- Little Pine Lagoon
- Coordinates: 42°00′06″S 146°36′36″E﻿ / ﻿42.0017°S 146.6101°E
- Country: Australia
- State: Tasmania
- Region: Central
- LGA: Central Highlands;
- Location: 101 km (63 mi) N of Hamilton;

Government
- • State electorate: Lyons;
- • Federal division: Lyons;

Population
- • Total: nil (2016 census)
- Postcode: 7140
Localities around Little Pine Lagoon
| Central Plateau | Central Plateau | Miena |
| Central Plateau | Little Pine Lagoon | Miena |
| Bronte Park | Bronte Park | Bronte Park |

= Little Pine Lagoon =

Little Pine Lagoon is a rural locality in the local government area (LGA) of Central Highlands in the Central LGA region of Tasmania.
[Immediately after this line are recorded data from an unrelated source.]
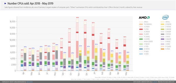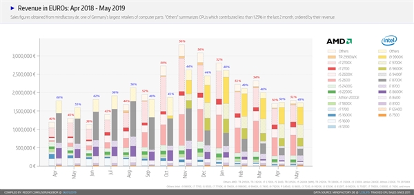 AMD在刚结束的台北电脑展上推出了第三代锐龙处理器,基于7nm Zen 2架构,首批5款产品将于7月7日上市,国行1599元起(锐龙5 3600)。 就目前的市场态势来看,三代锐龙可以说是AMD的乘胜追击之举,来自德国大型硬件销售商MINDFACTORY的最新统计显示,刚过去的5月份,锐龙CPU/APU的销量占比为66%,Intel酷睿则只有34%。 销量柱状图 从历史列表来看,AMD已经连续10个月在处理器销量方面明显压制Intel。在售产品中,AMD卖得最好的型号是锐龙5 2600,Intel这边则是i9-9900K。 销售收入柱状图 不过,由于Intel处理器均价高,划算成收入后,AMD营收份额占比降为51%。 考虑到三代锐龙在单核性能、多核性能、制程工艺、核心数上对Intel 9代酷睿实现了全方位超越,未来三个月的市场表现极为可观。 |
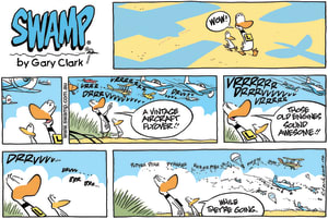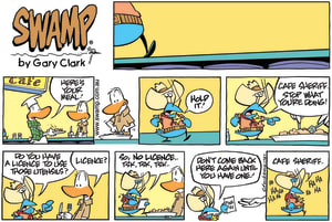 Cartoon ID Categories Air Traffic ControllerAntsArmy DucksAviator DucksBludgerigar BirdBob CrayfishCarrier PigeonCheese & Chives RatsChefChickenscockroachesDing DuckDing's DadDung BeetlesFishFliesFlying School InstructorKamikaze DuckMosquitoesOld Man Croc & Nit-Picker BirdPigspilotsPoultry SquadRogue CrocsSwamp DucksSwamp ToursSwamp VetTurtle & SnailUncategorizedWart & Mort FrogsWild DucksWorms KeyWords Location Exclude Sunday Featured Character Featured Character S1791 (01/12/24) : Vintage Aircraft Flyover 9704 (30/11/24) : Brutus Cockroach is Offended 9702 (29/11/24) : Nest Building Prank 9698 (28/11/24) : What a Life Comic 9697 (27/11/24) : Worst Nightmare Comic 9696 (26/11/24) : Taught a Lesson Comic 9695 (25/11/24) : Fish Feeders are Coming S1787 (24/11/24) : Bob Crayfish Sheriff Comic 9693 (23/11/24) : Interrogation Techniques Comic Previous Next
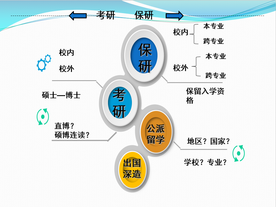 的各个研究方向、各专业招生人数及考研同学的考试科目等,使学生们的升学报考思路更加清晰。出国深造方面,吴晓晴向学生们介绍了国家、学校的相关政策和国外一些大学的招生情况并展示了往年学生的出国学校等。保研情况方面,根据《SWAG

The locality is about 101 km north of the town of Hamilton. The 2016 census recorded a population of nil for the state suburb of Little Pine Lagoon.

==History==
Little Pine Lagoon is a confirmed locality and a body of water (the lagoon).

==Geography==
The River Ouse forms much of the eastern boundary. The Little Pine River forms part of the western boundary before flowing east to the lagoon, which is retained by the Little Pine Dam.

==Road infrastructure==
Route B11 (Marlborough Road) runs through from north-east to south.